• [Required action]: Copy exactly every line below, from the first through the one that contains "Úchyt válečkové tratě", and skip all pictures.

Stored data entries
++++++++

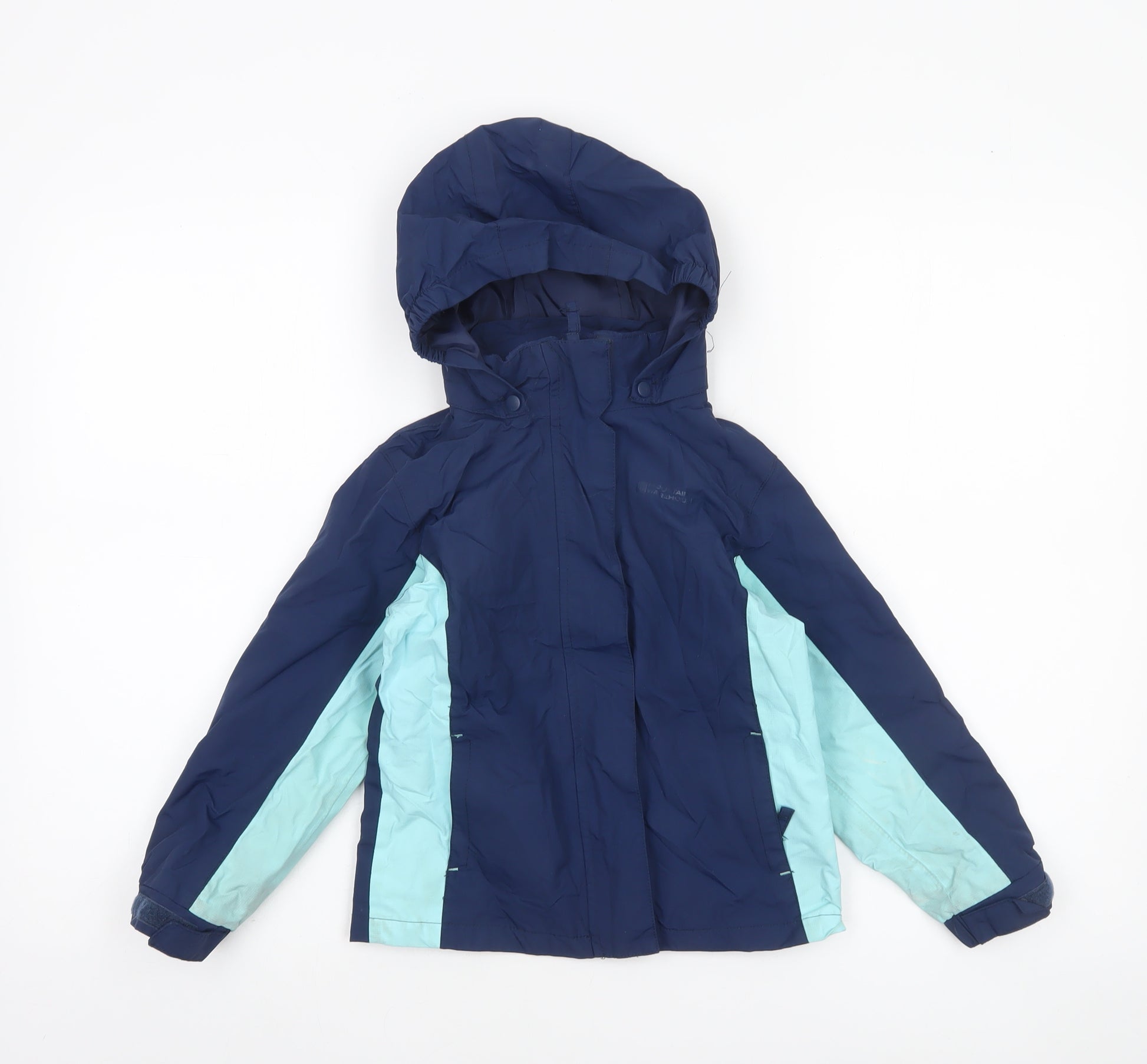 Keep your little adventurer comfortable and dry whatever the weather with this Mountain Warehouse boys’ hooded rain coat. Designed in a bold two-tone blue colourblock style, this jacket combines practical performance with everyday casual appeal. Constructed from 100% woven polyester, it offers a lightweight yet reliable waterproof shell that’s ideal for outdoor play, school days, or family hikes. The full zip fastening with storm flap and button closure helps block out wind and rain, while the snug elasticated cuffs keep warmth inside. A soft polyester lining adds comfort, ensuring it’s great for layering through the autumn and winter months. The attached hood provides extra protection from showers, making it perfect for unpredictable weather. This mid-length jacket features practical zipped pockets for secure storage of small essentials and a flexible fit for unrestricted movement. It’s machine washable for easy care, ensuring it’s effortlessly ready for next use. In very good used condition, showing only minor wear and some light marks to the sleeve edges, this coat still has plenty of adventures ahead. Ideal for boys aged 5–6 years, it’s a reliable, stylish, and functional piece that embodies Mountain Warehouse’s dedication to quality outdoor wear. Whether worn for forest walks, playground fun, or school outings, this jacket offers both practicality and comfort—an excellent staple for the colder months ahead.
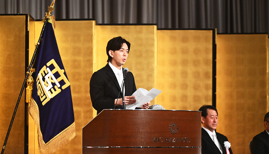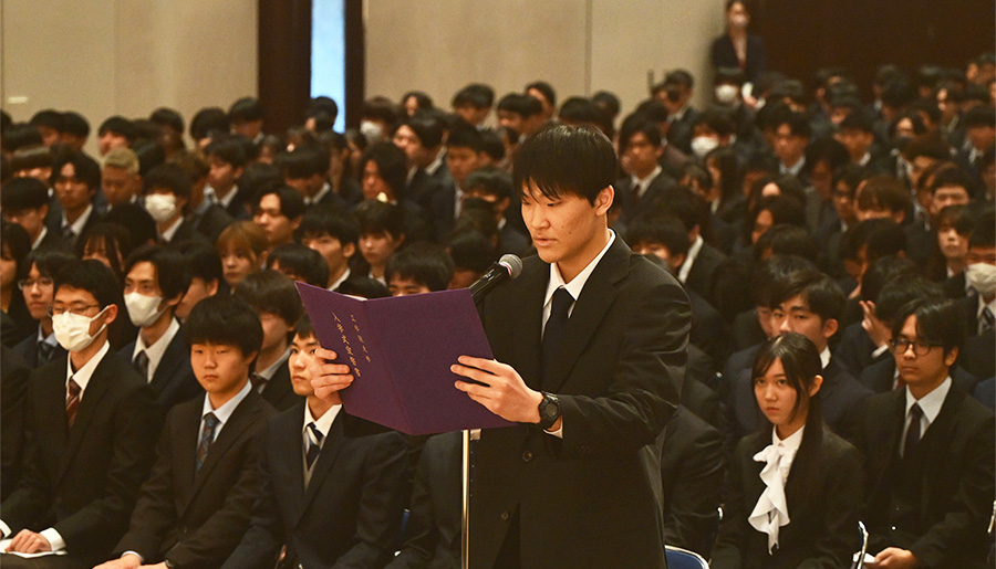 また、入学生宣誓では、情報学部 情報科学科の越田俊介さんが新入生を代表し、これからの学生生活への抱負を述べました。
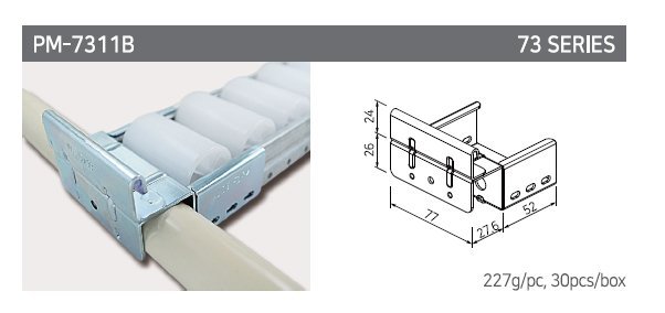 Úchyt válečkové tratě typ PM-7311B. Pro dráhy šířky 73 mm s ocelovým tělem. celý popis a parametry
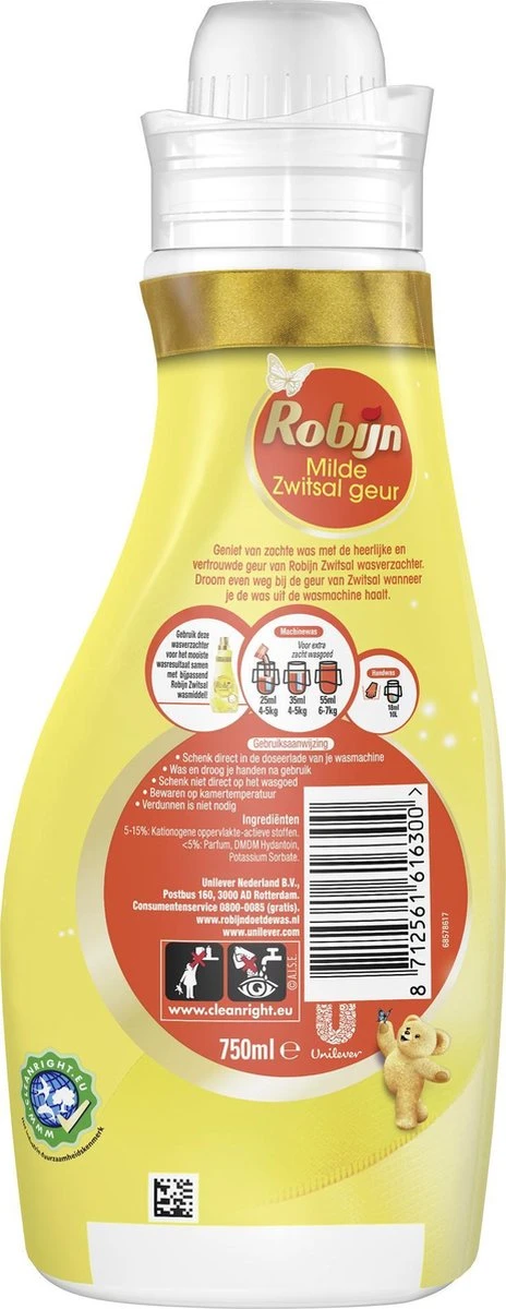 Laat je verrassen door de heerlijke geur van Robijn Collections Zwitsal wasverzachter. Robijn heeft de geur van deze Collections wasverzachter verbeterd, zodat je kunt genieten van een zachte was en een nóg betere geurervaring. De wasverzachter combineert de unieke geur van Zwitsal met de zachtheid die je van Robijn wasverzachters kent. De wasverzachter is lichtgeel van kleur en ruikt naar de herkenbare geur van Zwitsal. Je was ruikt door de wasverzachter van Robijn niet alleen heel lekker, maar het middel zorgt ook voor een speciale beschermlaag rondom de vezels van de stof. Dit zorgt ervoor dat er minder wrijving ontstaat tussen de vezels, met als gevolg dat je kleding zijn kwaliteit behoudt doordat het minder snel slijt en zijn pasvorm en kleuren behoudt. Daarnaast is je kleding makkelijker strijkbaar door de wasverzachter en droogt het sneller. Combineer met het bijbehorende Robijn Collections Zwitsal wasmiddel om zo lang mogelijk te genieten van alle stralende kleuren en heerlijke geuren in je kast.
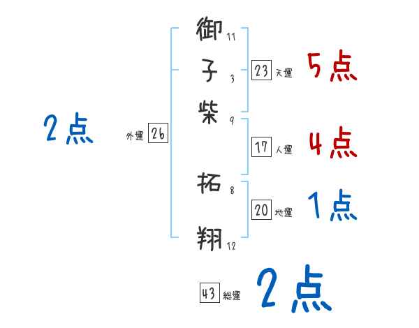 外運![]() | 御子柴拓翔さんの外運は26画の2つ星!波瀾万丈かも。信頼できる人を大事にしましょう。 生活面を象徴する運勢です。外部から受ける影響力を表し、結婚運、家庭運や職場、環境への順応性を表します。 |

++++++++

• [Response box]:
 Keep your little adventurer comfortable and dry whatever the weather with this Mountain Warehouse boys’ hooded rain coat. Designed in a bold two-tone blue colourblock style, this jacket combines practical performance with everyday casual appeal. Constructed from 100% woven polyester, it offers a lightweight yet reliable waterproof shell that’s ideal for outdoor play, school days, or family hikes. The full zip fastening with storm flap and button closure helps block out wind and rain, while the snug elasticated cuffs keep warmth inside. A soft polyester lining adds comfort, ensuring it’s great for layering through the autumn and winter months. The attached hood provides extra protection from showers, making it perfect for unpredictable weather. This mid-length jacket features practical zipped pockets for secure storage of small essentials and a flexible fit for unrestricted movement. It’s machine washable for easy care, ensuring it’s effortlessly ready for next use. In very good used condition, showing only minor wear and some light marks to the sleeve edges, this coat still has plenty of adventures ahead. Ideal for boys aged 5–6 years, it’s a reliable, stylish, and functional piece that embodies Mountain Warehouse’s dedication to quality outdoor wear. Whether worn for forest walks, playground fun, or school outings, this jacket offers both practicality and comfort—an excellent staple for the colder months ahead.
 また、入学生宣誓では、情報学部 情報科学科の越田俊介さんが新入生を代表し、これからの学生生活への抱負を述べました。
 Úchyt válečkové tratě typ PM-7311B. Pro dráhy šířky 73 mm s ocelovým tělem. celý popis a parametry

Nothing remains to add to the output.